Nessun mese poteva essere più triste di aprile da passare da soli. Tutti intorno a me sembravano felici ad aprile. Mettevano da parte i cappotti, si fermavano a chiacchierare sotto i raggi brillanti del sole, giocavano a lanciarsi la palla col guantone da baseball, si innamoravano. E io ero completamente solo.


Quando nel 1987 Murakami inizia a scrivere questo romanzo decide di basarsi sul suo racconto Hotaru (La Lucciola) di cinque anni prima. Sente che c’è ancora qualcosa rimasto in sospeso da sviluppare e che quelle poche pagine non sono bastate. Sceglie quindi di scrivere Norwegian Wood, un romanzo a cuor leggero e non troppo sentimentale.

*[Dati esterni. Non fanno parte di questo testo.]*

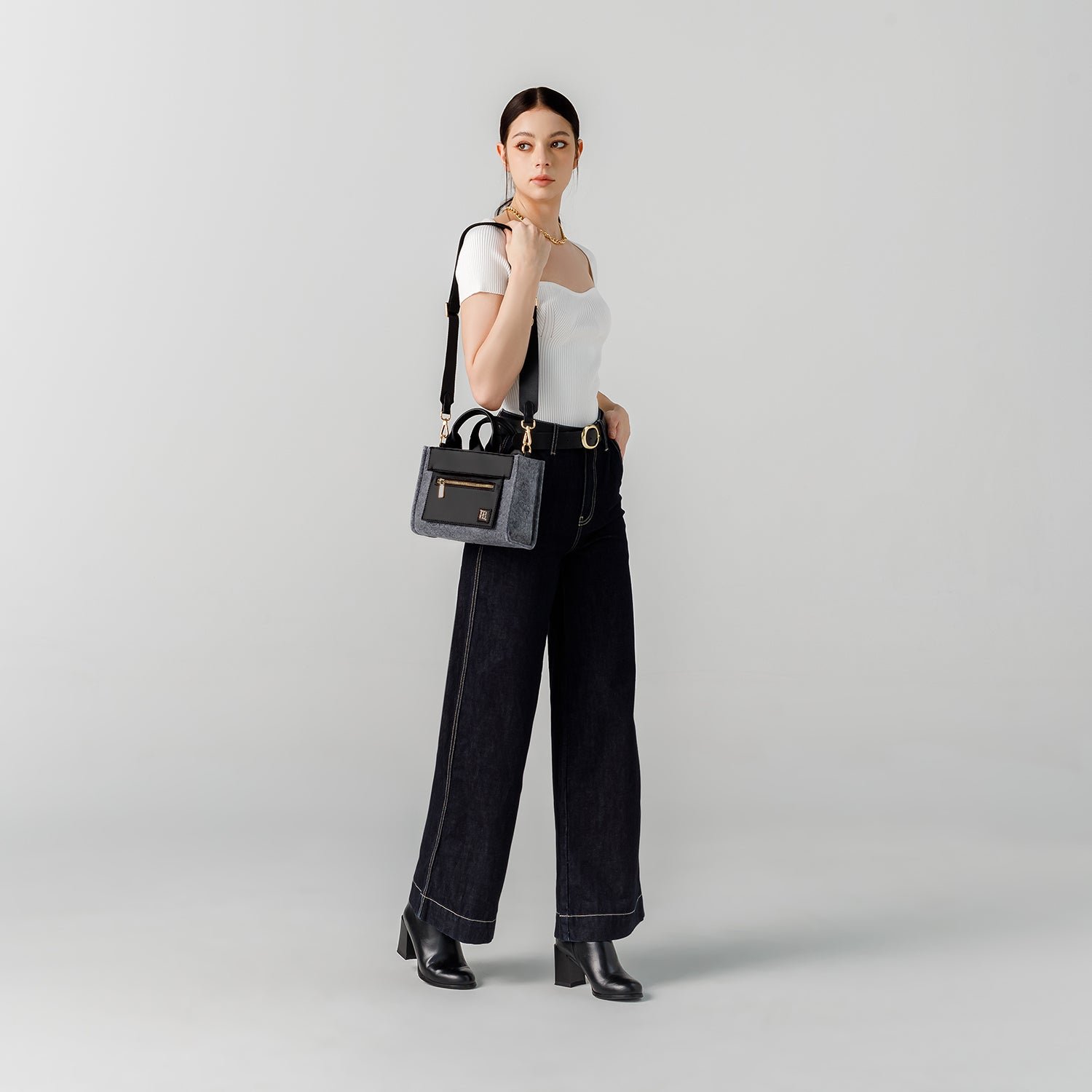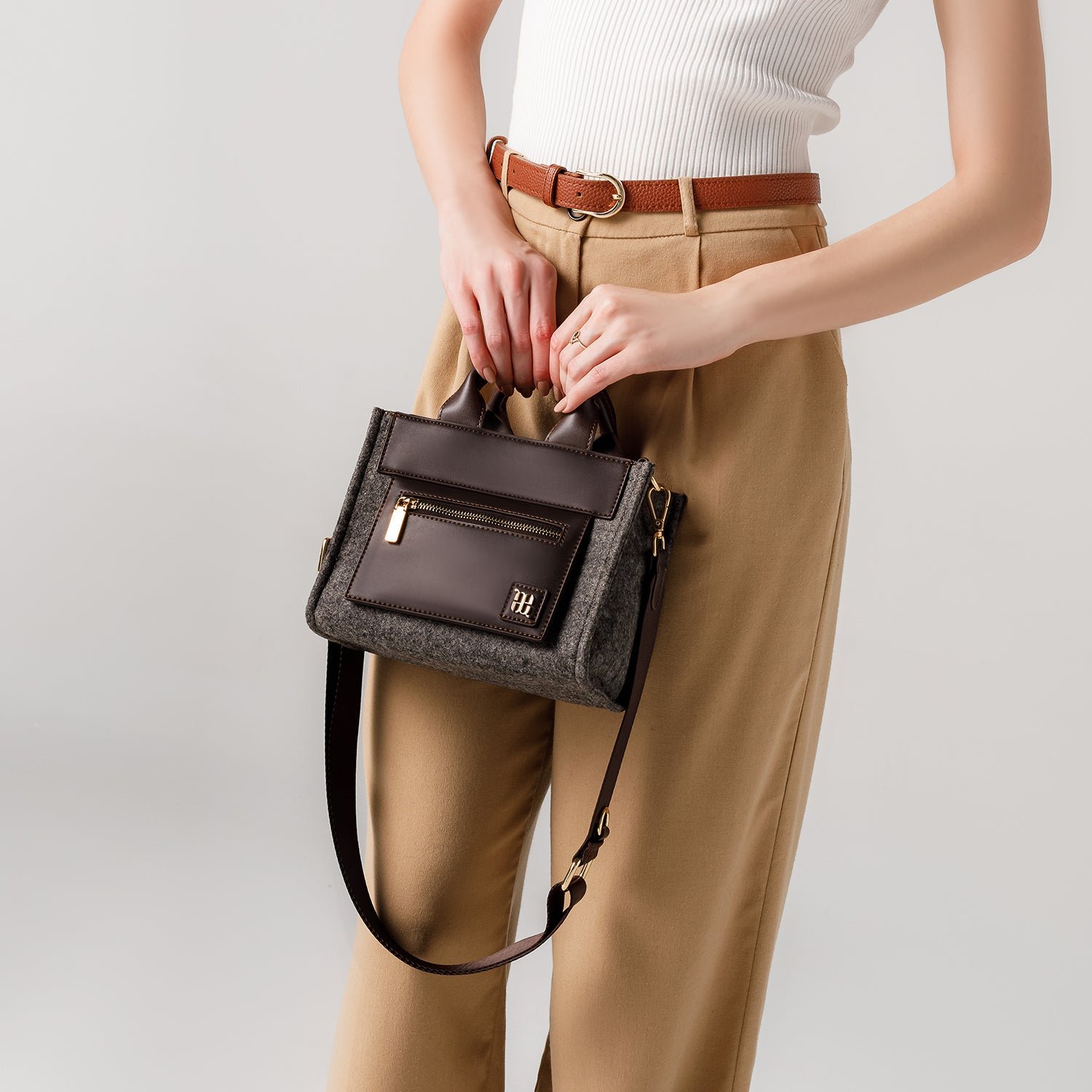 Meet the Velia S Tote. your next small. reliable. and structured tote bag professionally crafted from premium felt and fine synthetic leather that offers practical use in one hand. and effortless class in the other.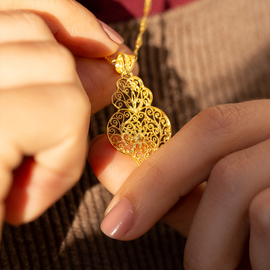 Leve e trabalhada à mão, esta medalha coração em filigrana de prata dourada é um tributo à tradição portuguesa. Uma peça simbólica, cheia de detalhe e alma.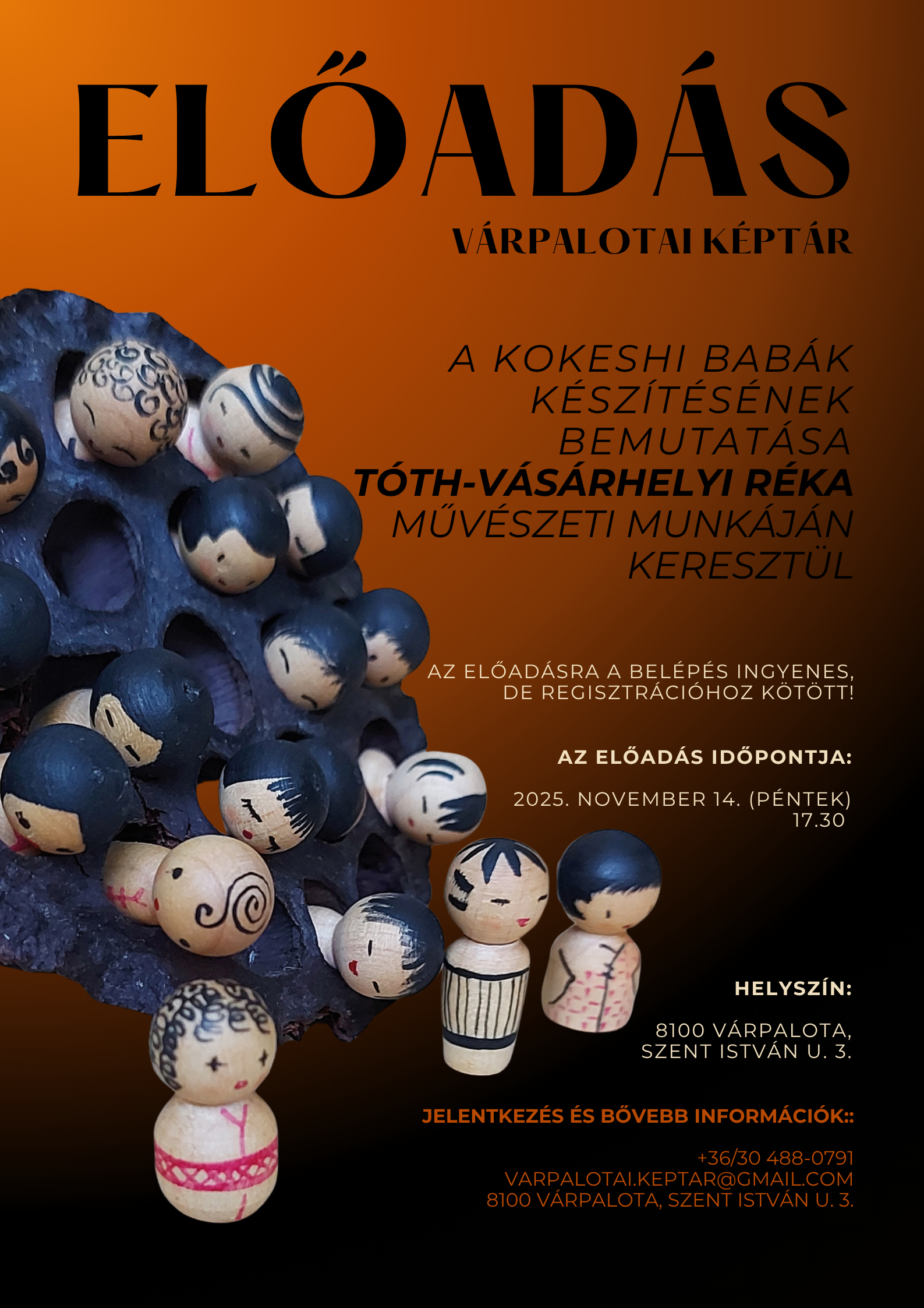 Keresés: Legutóbbi bejegyzések ZÁRVA tartunk 2025. november 1-jén (Thury-vár, Várpalotai Képtár, Fodor Sára Tájház, Krúdy Gyula Városi Könyvtár) Előadás – Kokeshi babák készítésének bemutatása a Várpalotai Képtárban Mazsola és Tádé gyermekműsor Hufnágel Erika grafikusművész Rezgések című kiállításának megnyitója Programajánló Halloweenra! Legutóbbi hozzászólásokArchívum 2025. október 2025. szeptember 2025. augusztus 2025. július 2025. június 2025. május 2025. április 2025. március 2025. február 2025. január 2024. december 2024. november 2024. október 2024. szeptember 2024. augusztus 2024. július 2024. június 2024. május 2024. április 2024. március 2024. február 2024. január 2023. december 2023. november 2023. október 2023. szeptember 2023. július Kategóriák Uncategorized Meta Bejelentkezés Bejegyzések hírcsatorna Hozzászólások hírcsatorna WordPress Magyarország Dátum nov 14 2025 Idő 17:30 - 19:00 Előadás – Kokeshi babák készítésének bemutatása a Várpalotai Képtárban Esemény megosztása + Google Naptárba mentés + iCal / Outlook exportálás 00 napok 00 órák 00 percek 00 másodpercek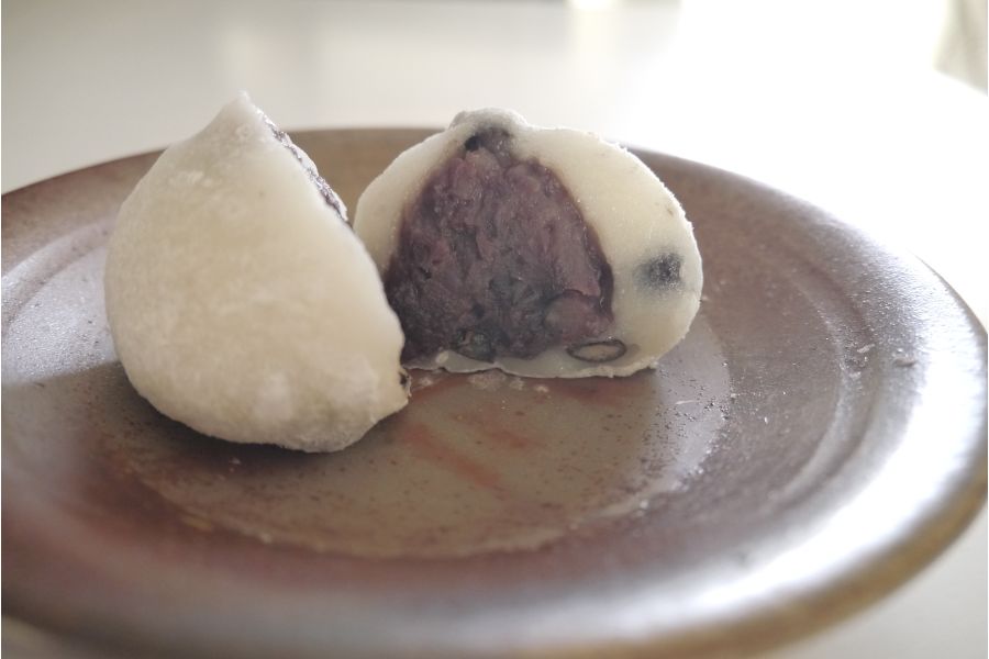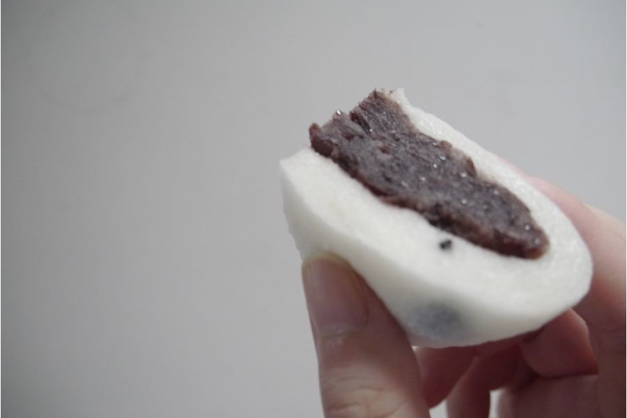 北海道羊蹄地区の小豆・きたのおとめを使用し、塩を使うことで甘さを引き立てたなめらかなつぶ餡は、後をひかない上品な甘さ。このあっさりしたあんを杵でついた国産のもち米の餅で包めば、誰もが納得するあんと餅のバランスもパーフェクトな大福の完成です。餅には、食感もしっかり残った北海道産の赤えんどう豆が入っていて、よいアクセントになっています。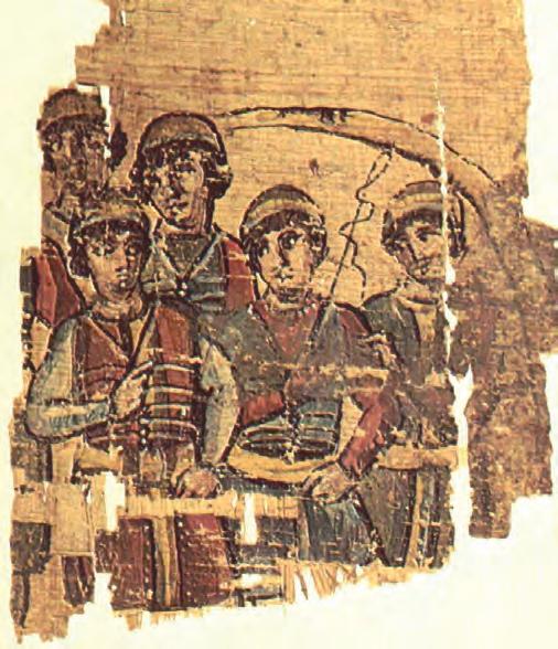 Charioteers (fifth century AD) depicted on a papyrus found by the EES in 1914 at Antinoe (Antinoopolis)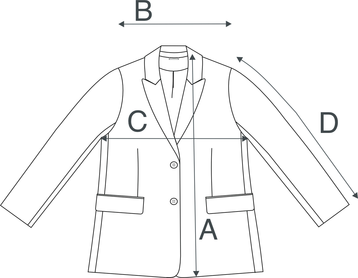 Model wyróżnia się klasyczną formą inspirowaną męskim garniturem, co dodaje mu nowoczesnego charakteru i uniwersalności. Dwa guziki z przodu podkreślają klasyczną linię, a klapy w stylu peaked lapel nadają całości ponadczasowej elegancji. Z tyłu marynarka ma rozporki po bokach, które zapewniają wygodę i lekkość w noszeniu.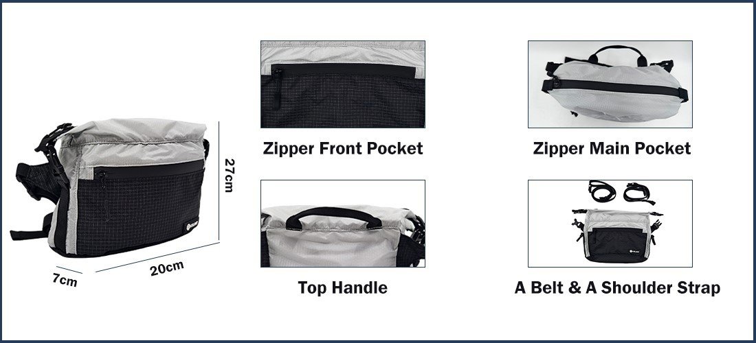 USLINT custom fanny packs are designed to meet the needs of various scenarios, including outdoor activities, sports, and casual everyday wear. Made with high-strength X-PAC fabric, the cuatom fanny packs are waterproof, abrasion-resistant, and tear-resistant. The compact 3L capacity (20×7×27cm) features a zippered main compartment and a zippered front pocket, easily accommodating essentials such as a phone, keys, and wallet. This fashionable custom fanny pack is versatile, functioning as both a fanny pack and a crossbody bag. Adjustable shoulder and waist straps accommodate different body types. We support ODM/OEM customization and offer Pantone color customization services to meet your individual needs and brand collaboration requirements.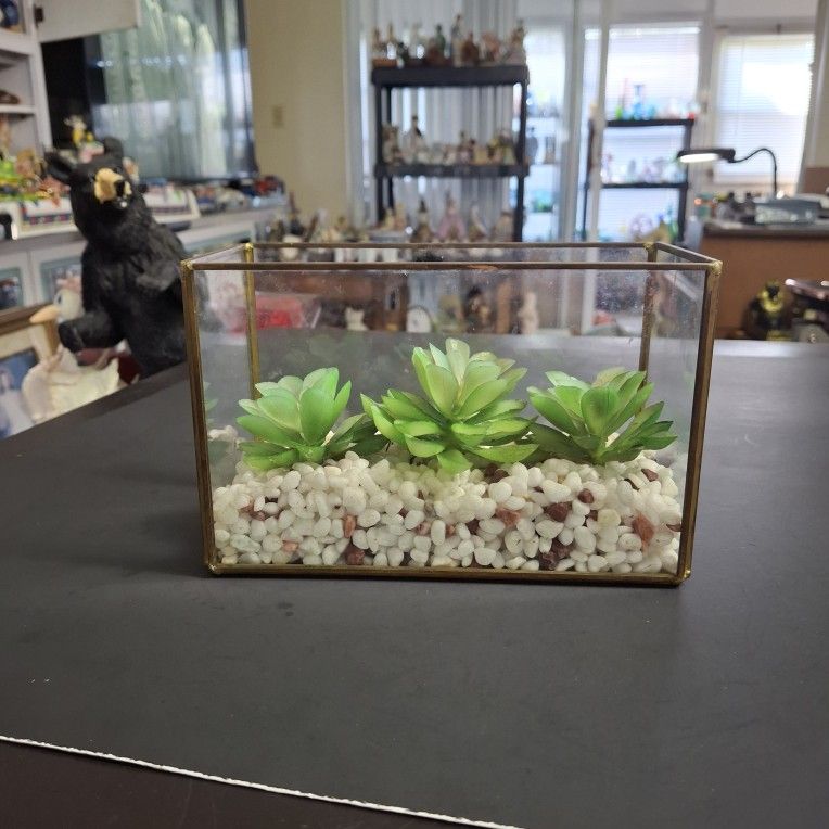 Three Faux Succulents In Rectangular Glass Planter With Brass Frame Filled With White & Earth Tone River Rocks Or Pebbles 7" X 3.5" X 4.5"H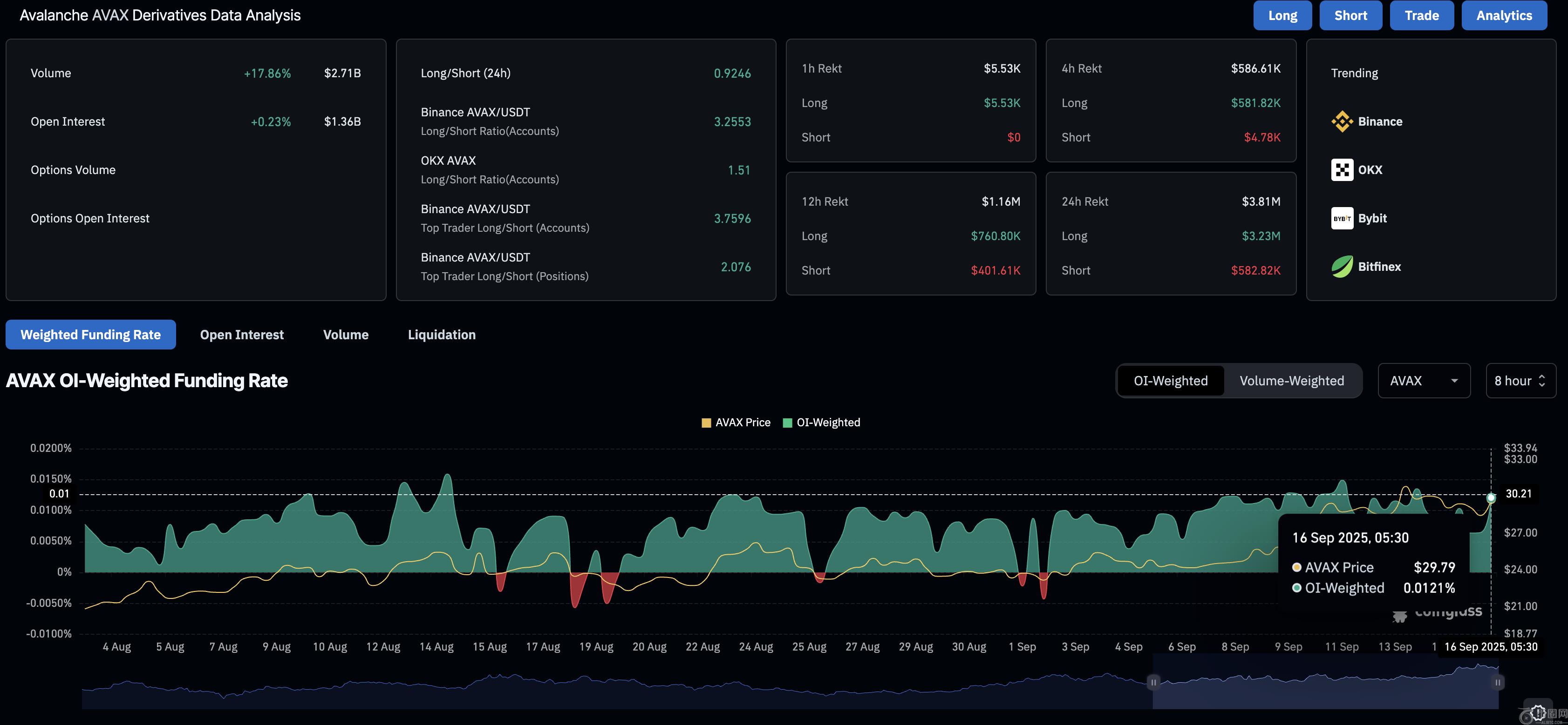 不过,CoinGlass 数据显示 AVAX 未平仓合约 (OI) 小幅增加,达到 13.6 亿美元,这表明由于投资者预期进一步上涨,资本流入有所增加。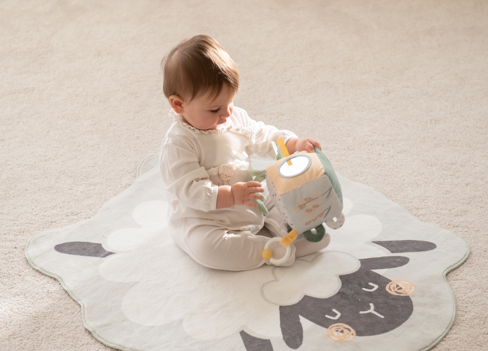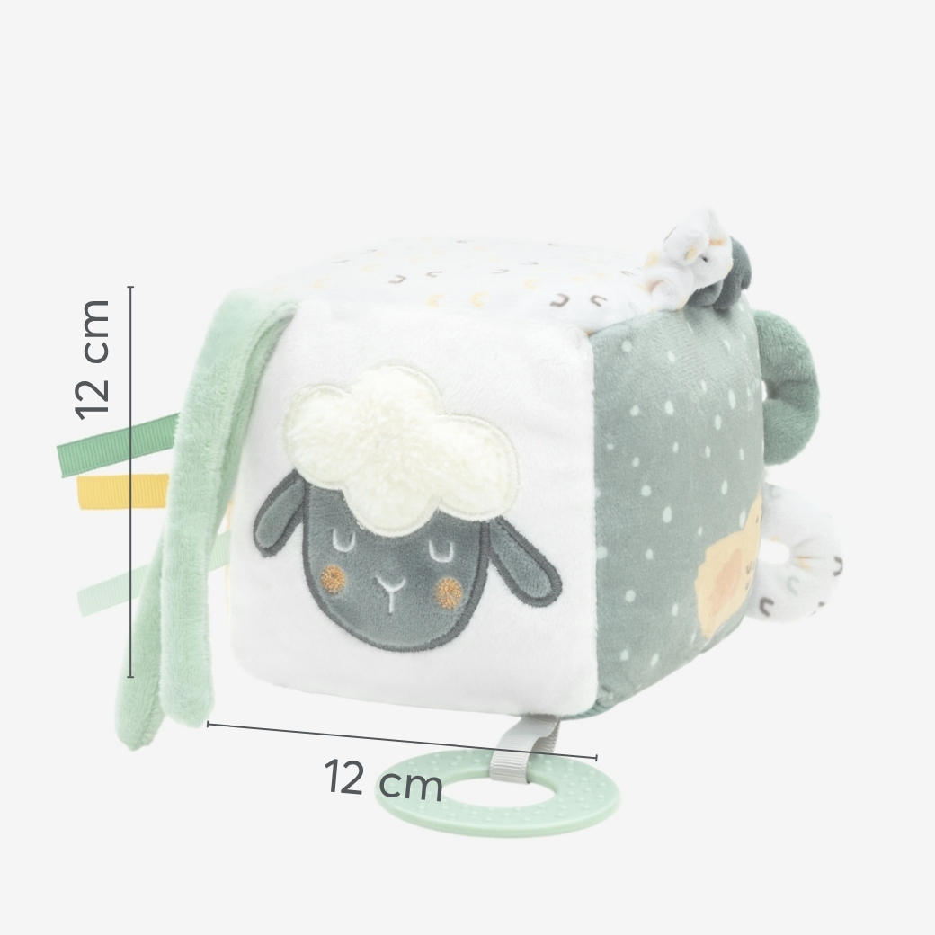 The plush cube SLEEPY SHEEP is the perfect mix of fun, learning, and sensory development, keeping your baby entertained at home or on the go.

Esperimento fallito. Non mi riferisco al romanzo, ma alla leggerezza.


A primo impatto il lettore potrebbe approcciarsi a questo libro come ci si approccia a un storiella d’amore adolescenziale giapponese: poco sforzo, in questi casi si butta un liscio, un due di bastoni in prima mano a briscola. Murakami strozza con l’asso. E la partita di questo libro non è altro che una serie di cariconi giocati a ripetizione che a poco a poco, pagina dopo pagina, tolgono ogni energia e ogni possibilità di ribaltare il risultato. Perché il risultato non è altro che una storia in grado di ferire sotto ogni aspetto umano.

Questi cariconi si concretizzano in una lista della spesa di pugni allo stomaco con cui il protagonista Watanabe e gli altri personaggi che gravitano intorno a lui si ritrovano a dover fare i conti dall’età di 17 anni.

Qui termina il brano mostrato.